Any discussion of entanglement implies you are thinking of (at least) two separate systems. Superpositions on the other hand, can also apply to situations where you are only looking at a single system. Keeping this in mind:
"Can a state be entangled without also
being a superposition? (Please give an
example)"
No. An entangled state is by definition a state which cannot be written as a separable product in any basis. Whatever basis you choose, the state will be a superposition of products of the separate systems.
"Can a state be a superposition
without being entangled? (Again, an
example please)"
Of course. A trivial example would be a single isolated system for which you can usually find some basis in which the state is in a superposition.

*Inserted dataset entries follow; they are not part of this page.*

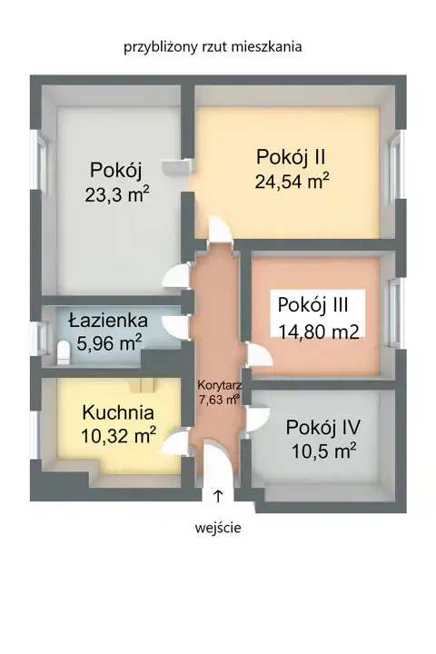 Przemyślany układ – 4 duże pokoje + kuchnia + łazienka
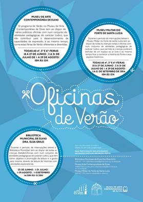 A Câmara Municipal de Elvas realiza durante a época de verão mais de 50 ateliês/oficinas, distribuídas entre a Biblioteca Municipal Dra. Elsa Grilo, o Museu de Arte Contemporânea e o Museu Militar do Forte de Santa Luzia, que prometem manter ocupadas e divertidas todas as crianças que se inscreverem.
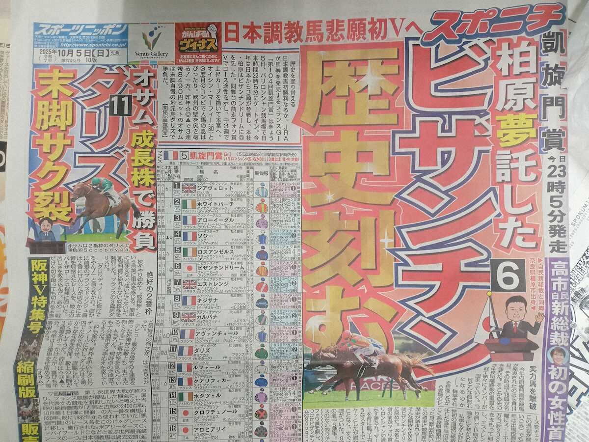 スポニチ1面(西日本版)予想でズバッと仕留めたのがオサムだ。10番人気の勝ち馬ダリズから2番人気ミニーホークが2着、5番人気ソジーが3着に入って◎○▲で3連単11万2570円!馬券圏外ながら13番人気4着ジアヴェロットに☆(4番手評価)を入れていた。
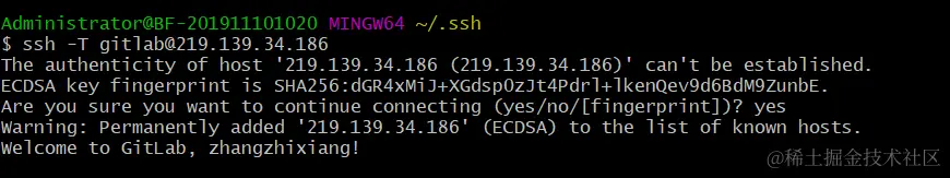 如果要与Gitlab建立连接,执行以下命令(@后面的地址是你的Gitlab的IP):
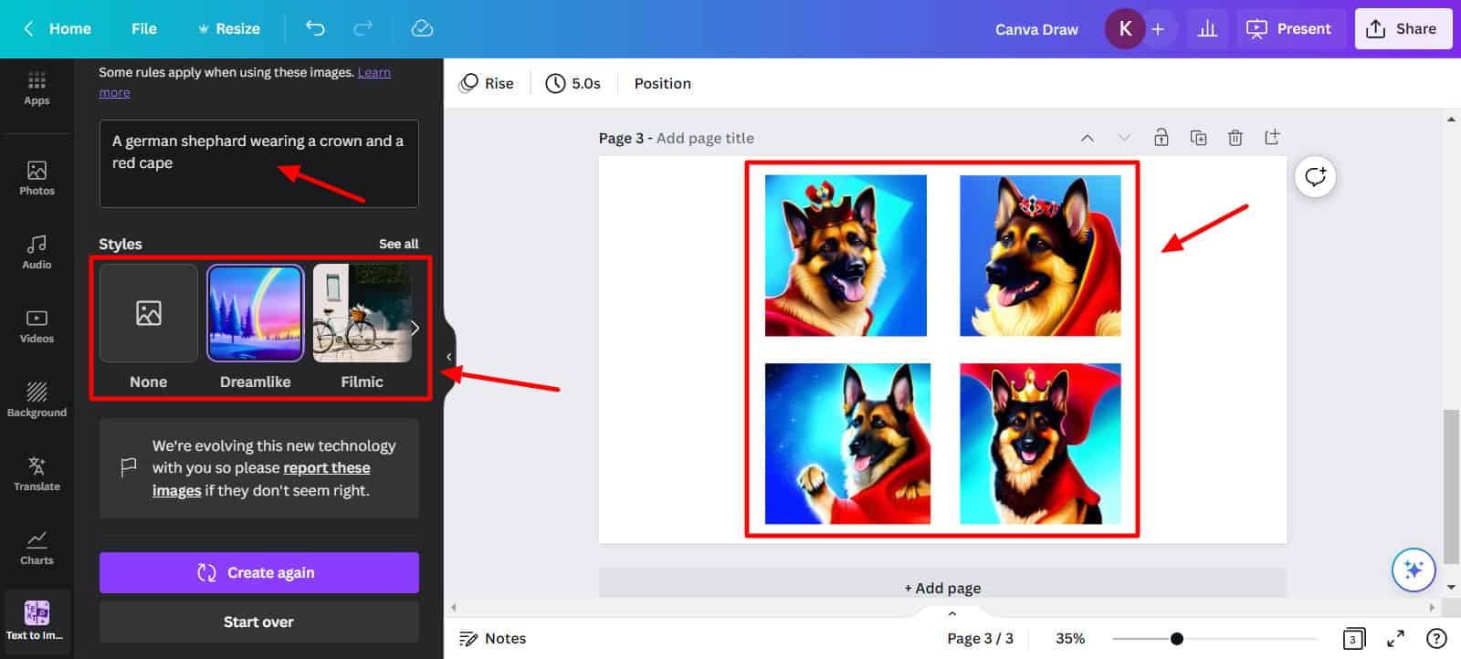 Finally, you can make use of elements, images, videos, audios, backgrounds, graphs and charts, etc, to create your design. Canva has recently integrated a range of AI tools on its free and Pro versions. Some AI tools that work on the free plan are:
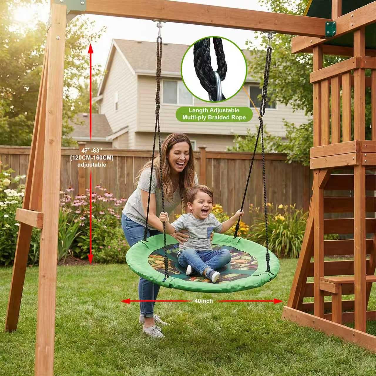 This 40-inch flying saucer tree swing brings excitement and adventure to any outdoor space. Designed with a generous circular platform, it provides plenty of room for kids to swing solo or share the fun with friends. The impressive 900-pound weight capacity ensures durability and allows multiple children to enjoy it simultaneously, making it perfect for playdates and family gatherings. Constructed with sturdy materials, this outdoor swing set is built to withstand regular use in playgrounds, backyards, and parks. The adjustable hanging straps make installation simple and allow you to customize the height to suit different ages and preferences. The vibrant red color adds a pop of excitement to your outdoor play area while remaining visible for easy supervision. Whether it's spinning, swinging, or lounging, this flying saucer swing offers versatile play options that encourage outdoor activity and imaginative play. It makes an excellent gift for kids who love outdoor adventures and provides hours of entertainment throughout the seasons.

And single isolated systems cannot be entangled with anything else because.. well.. they are single isolated systems - and like I said before, entanglement applies to a situation where you have divided your world into separate systems that can interact with each other.
"And what about a cat state?"
A Schrodinger Cat state is usually used to refer to a macroscopic system which is in a superposition of two or more states (in the eigenstate basis of some physical observable like energy or position). Real cats in geiger-counter-poison-rigged boxes probably won't be in such superpositions due to decoherence but there are some surprisingly large objects like buckyballs and macromolecules which have been shown to exist in superpositions.
"Are these spin pairs also in a
superposition?"
Yes, in all bases, because they are entangled. Allegedly :)
"Does this count as a cat state?"
I'm not sure because I haven't read the whole paper and also because the definition of a cat state depends on what you consider macroscopic.